Complications Caused due to Sleep Apnea
The human body is a complex machine. One issue or a disease results in the occurrence of other complications. Heart problems may increase the risk of sleep apnea and sleep apnea may become a cause of other heart issues. It’s a vicious cycle. Given below are the complications caused due to sleep apnea.
- Daytime fatigue – If sleep apnea goes untreated it may result in constant daytime fatigue. Sleep, as you must know, is important for relaxing and rejuvenating the body. A person with sleep apnea struggles to get proper restoring sleep hence feels constant daytime fatigue and related issues like drowsiness, irritability, lack of concentration, etc. The more severe the sleep apnea the more impaired the daytime gets for the person.
- High blood pressure – Frequent sudden drops in blood oxygen level during sleep increases the blood pressure level for the person.

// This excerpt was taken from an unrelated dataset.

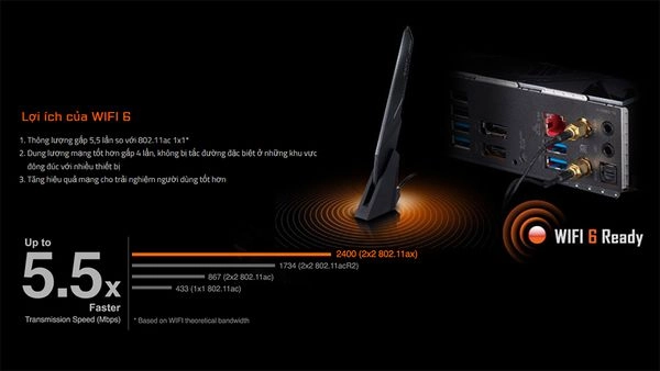 Giải pháp không dây 802.11ax WIFI 6 với băng tần 6GHz chuyên dụng mới, cho phép hiệu suất không dây gigabit, truyền phát video mượt mà, trải nghiệm chơi trò chơi tốt hơn, ít bị rớt kết nối và tốc độ lên tới 2,4Gbps*. Hơn nữa, Bluetooth 5 cung cấp phạm vi gấp 4 lần so với BT 4.2 và truyền nhanh hơn.

- Heart problems – Obstructive sleep apnea increases the risk of recurrent heart attacks and abnormal heartbeats. A person already having heart complications may meet sudden death due to an abnormal heartbeat.
- Stroke – A person with sleep apnea is at risk of getting a sudden stroke.
- Type 2 diabetes – Sleep apnea increases the chance of a person to get insulin resistance and type 2 diabetes.
- Liver problems – A lack of sleep due to sleep apnea may result in liver complications like non-alcoholic fatty liver disease.